Custom Search
Sunday, October 25, 2009

Economics always guide adoption

In her recent article, "Study Says Economics Not A Driving Factor in Cloud Computing Adoption", Lori MacVittie reports on several studies that show that the current macroeconomic climate is not having a big impact on cloud computing adoption. In particular, the cost-savings purported to be offered by the cloud do not seem to be the major selling point. And yet, companies are adopting cloud computing technologies left and right, so it must make business sense: in other words, economics are driving adoption.

Many analysts look solely at virtualization and elastic computing services like Amazon's EC2 as the major technology at play in the infrastructure-as-a-service market. While certainly it takes less time to spin up a virtual machine image in the cloud than it does to rack and install actual hardware, this is probably not the major contributor for cost savings; at even a modest enterprise size, it's still cheaper to run the servers yourself. Indeed, even with virtual hosts, you must still manage capacity, allocate applications to servers, and monitor application health, meaning your technical operations staff is still very much needed.

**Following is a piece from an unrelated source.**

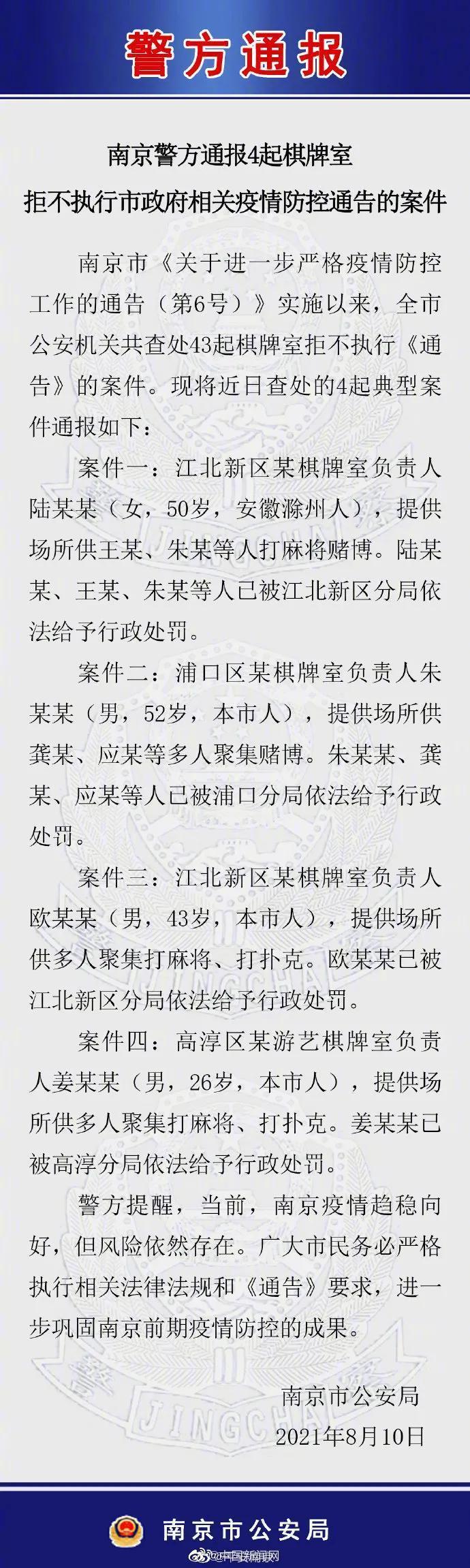 无独有偶,10日,南京4家棋牌室因给他人提供聚众打麻将、打扑克等场所被警方通报,相关场所负责人均已受到行政处罚。
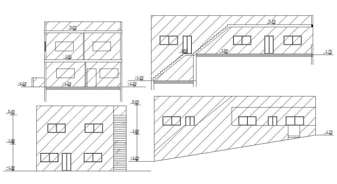 Download joint house 2 storey building section and elevation design that shows door and window marking with dimension detail.

Overlooked in many ways here are what I would call application building blocks available in the cloud, like Amazon's Simple Storage Service (S3), Simple Queueing Service (SQS), and SimpleDB. Google App Engine has its BigTable-based datastore, which with a modicum of effort can be exposed as a GData-style data webservice. In all of these cases, these application building blocks offer:

  1. very simple programming interfaces;
  2. automatic distribution of data across data centers;
  3. easy scalability; and
  4. understandable cost models
These capabilities would require a significant amount of effort for an enterprise to develop for itself. For example, I estimate developing an internal, enterprise-class S3 service might require a half million dollar investment in labor and servers, assuming you already had multiple data centers in place and could leverage existing open source software like Cassandra, Project Voldemort, or Dynomite.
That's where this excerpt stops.